HP acquired security company Bromium, announcing the purchase on Thursday afternoon. Much as Intel, AMD, Nvidia, Microsoft, and other major vendors hoard key pieces of computer technology, HP may be trying to corner the market on a unique piece of browser technology it already uses.
Bromium technology already underlies HP’s Sure Click feature, which locks every individual browser tab inside of its own virtual machine. Theoretically, any piece of malware on the tab can’t “see” anything more than the tab upon which it resides, protecting the browser as well as the PC host.
Bromium also supplies what it calls Secure File technology, which does the same for each individual download—Office documents, PDFs, and the works.
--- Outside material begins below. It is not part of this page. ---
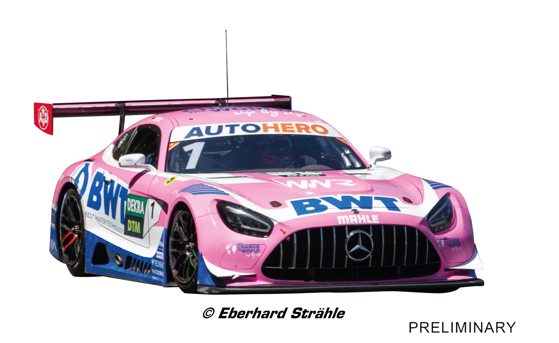 Der Mercedes AMG GT3 Evo ist ein moderner Klassiker des Tourenwagen-Rennsports. Der Carrera DIGITAL 132 Mercedes-AMG GT3 Evo „Mercedes-AMG Team Winward M. Götz” ist das aktuelle Fahrzeug des DTM-Meisters von 2021 Maximillian Götz. Der Meister ging mit dem neuen Fahrzeug und neuem Team in den Farben rosa-weiß-blau auch bei der DTM-Saison 2022 an den Start, konnte jedoch nicht an das Hoch aus der Vorsaison anknüpfen.

If the file isn’t marked as trusted, it will be opened in what Bromium calls a micro virtual machine.
We’ve previously looked at how virtualization seems to be a key Microsoft technology within the company’s own Windows Server products, and how virtualization-dependent features could translate into the consumer space via Windows 10 Pro. A central component of that is Windows Sandbox, which dramatically expands what Bromium is doing. Instead of wrapping each file in a virtualized environment, Sandbox virtualizes the entire Windows OS, building a Windows PC within a PC. Microsoft doesn’t have a direct analog to Bromium’s technology.
According to HP, the Bromium technology will be used in conjunction with its existing Sure Sense AI-driven antimalware solution on the Elitebook 800 G6; its Sure View display technology; and Sure Start, a secure boot technology. HP didn’t disclose how much it paid for Bromium.